Parameters:	encrypted_kgk (bytes) – kgk_crypter (Crypter) – password (bytes) – salt (bytes) –

fresh_iv2()[source]¶: Creates a fresh iv for the settings encryption (iv2).

fresh_salt2()[source]¶: Creates a fresh salt for the settings encryption (salt2).

get_encrypted_kgk()[source]¶

Returns an encrypted kgk block.

Returns:	kgk block
Return type:	bytes

get_fresh_encrypted_kgk()[source]¶

Returns a new encrypted kgk block with fresh salt2 and iv2. This does not create a new kgk.

Returns:	kgk block
Return type:	bytes

get_iv2()[source]¶

Returns the iv2

Returns:	iv2
Return type:	bytes

get_kgk()[source]¶

Returns the kgk.

Returns:	the kgk
Return type:	bytes

get_kgk_crypter(password, salt)[source]¶

Creates a kgk crypter for the given credentials. This is a very expensive operation.
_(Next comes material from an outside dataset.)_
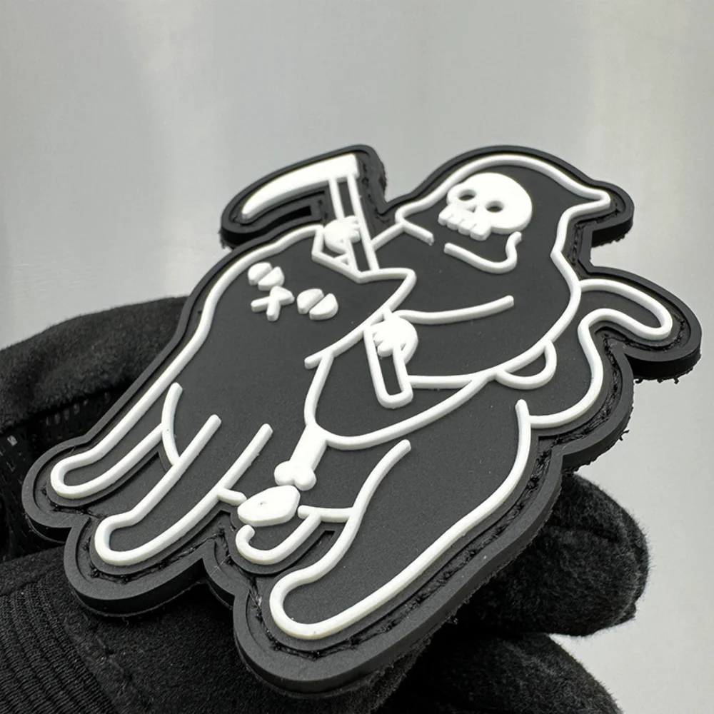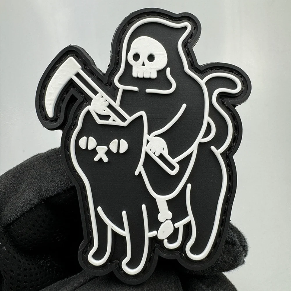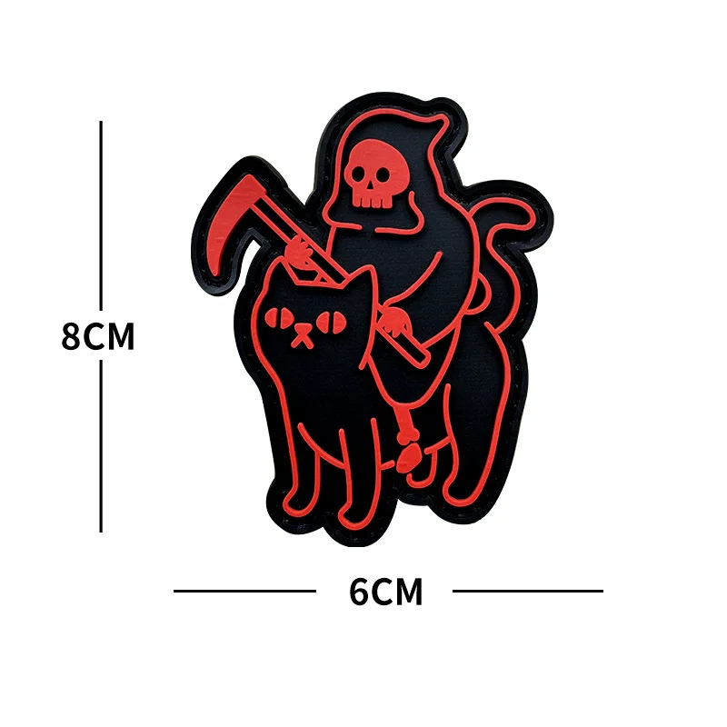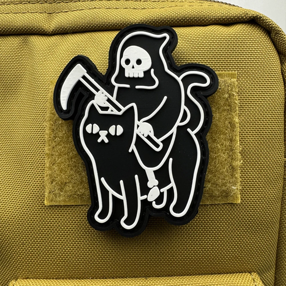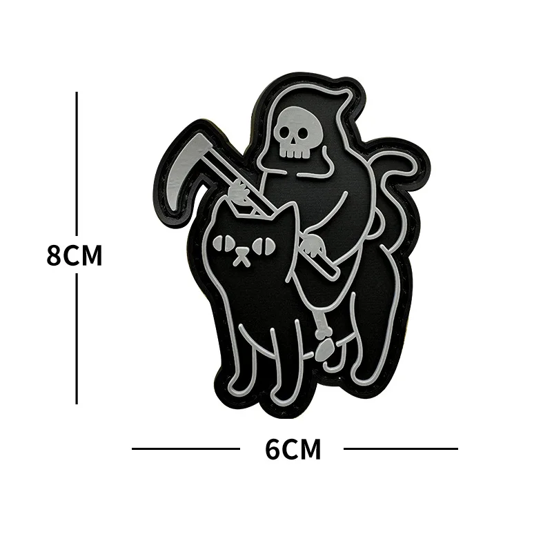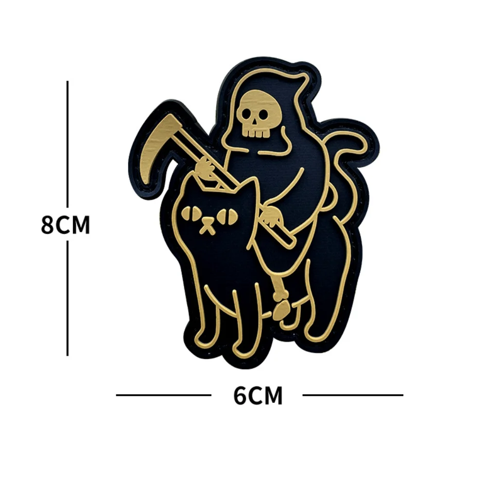 Enhance your gear with this unisex PVC and soft rubber patch measuring 2.36″ by 3.15″, featuring a playful Grim Reaper riding a cat motif in a bold, cartoonish style. Available in antique zinc, antique silver, antique brass, and antique copper, this eco-friendly, embroidered patch boasts a durable 3D design with luminous glow-in-the-dark options. Equipped with a hook and loop fastener, it easily attaches to jackets, backpacks, hats, helmets, or DIY clothing, and can be sewn for extra durability. Perfect for tactical, decorative, or collectible use, it adds a striking, whimsical touch to any accessory.

Parameters:	password (bytes) – salt (bytes) –
Returns:	a kgk crypter
Return type:	Crypter

get_kgk_crypter_salt()[source]¶

Loads the public salt. If there is none it is created and stored.

Returns:

get_salt2()[source]¶

Returns the salt2

Returns:	salt2
Return type:	bytes

has_kgk()[source]¶

Returns true if there is a kgk and a crypter.

Returns:	kgk state
Return type:	bool

reset()[source]¶: Resets the kgk manager.

set_preference_manager(preference_manager)[source]¶

Pass a preference manager to load and store settings locally

Parameters:	preference_manager (PreferenceManager) –

store_local_kgk_block()[source]¶: Stores the local kgk block.

store_salt(salt)[source]¶

Stores the salt using the preference manager.

Parameters:	salt (bytes) – the salt

update_from_blob(password, blob)[source]¶

Updates the kgk from a remote data blob.

Parameters:	password (bytes) – the masterpassword blob (bytes) – the encrypted data

The encrypted kgk, and the settings are stored in the hidden file .ctSESAM.pws in your home directory. Reading and writing of this file is handled by the PreferenceManager:

The preference manager handles the access to the settings file.

class preference_manager.PreferenceManager(settings_file='/home/docs/.ctSESAM.pws')[source]¶

Parameters:	settings_file (str) – Filename of the settings file. Defaults to PASSWORD_SETTINGS_FILE as defined in the source

get_kgk_block()[source]¶

Reads the kgk_block.

Returns:	112 bytes of kgk data
Return type:	bytes

get_salt()[source]¶

Reads the salt.

Returns:	the salt
Return type:	bytes

get_settings_data()[source]¶

Reads the settings data.

Returns:	encrypted settings
Return type:	bytes

read_file()[source]¶: Read the settings file.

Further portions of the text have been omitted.